Germinating As A Pacifist
I was never one of those physical boys. Sure, I went through stages of flexing my arms to make “muscles bulge, and stuff like that, but on the whole I avoided physical confrontations if possible (except in cases where some poor kid was being bullied, and so on). My little explosions in that context I would prefer to leave out of this equation. Maybe I was plain and simple a coward. But no, I don’t think that was it. After all, through my friendships with my Zulu peers I had made myself into a more than adequate stickfighter, was able to kill a running rabbit with a whirling thrown stick, and quite a few really macho things. I just preferred to avoid receiving or inflicting pain. But this was all very ad-hoc. I hadn’t formed any particular opinions on violence, militarism and things like that. Things before matric were just personal feelings.
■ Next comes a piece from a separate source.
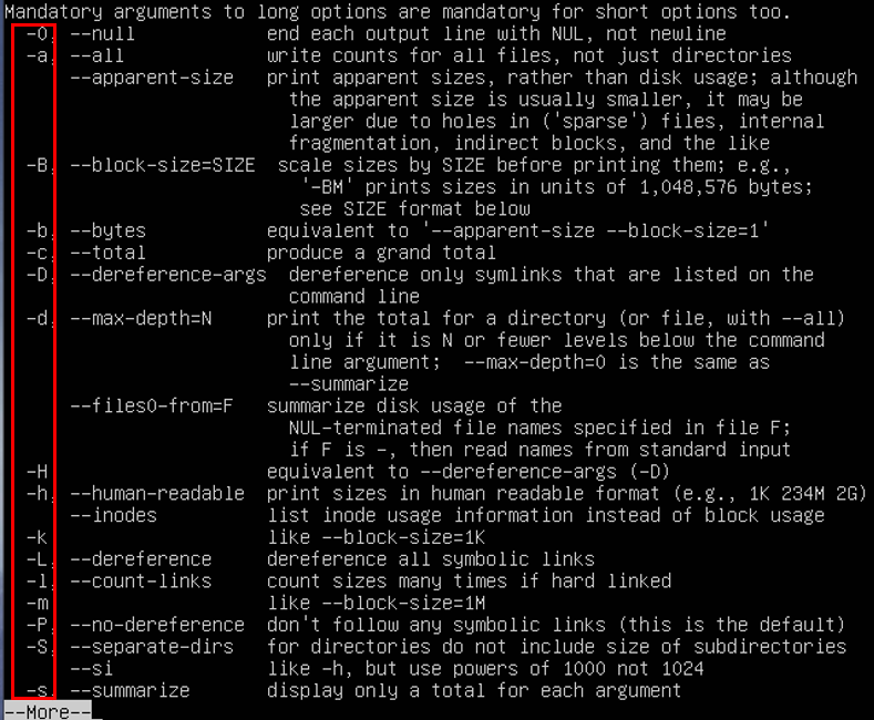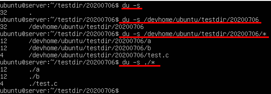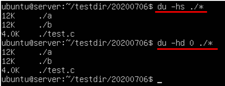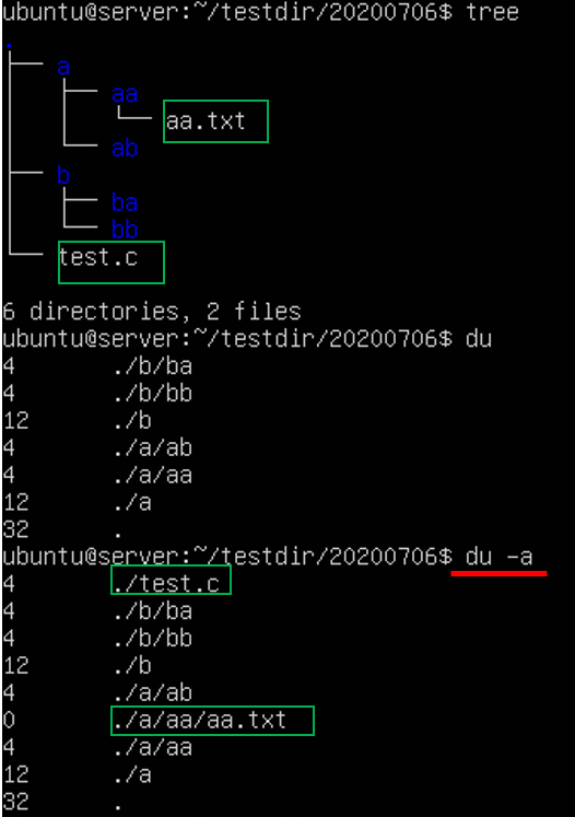 du만 했을 때는 초록색으로 표시된 파일 사용량이 출력되지 않았지만, -a옵션을 주니까 현재 디렉터리내 파일뿐만 아니라 하위 디렉터리 파일 용량까지 출력해주는 것을 볼 수 있어요.

And then we got an American “brother” for a year. Our school participated in bi-annual exchange programs via the American Field Service, and as luck would have it, our family got to host Keith Burbage for my matric year. This was in 1970, and apartheid was in full swing, with no outside media coverage permitted, no TV, and thus a blanket on information available to us budding young about-to-be conscripts. At 16 we were forced to register for Military Service, which usually commenced immediately after matric.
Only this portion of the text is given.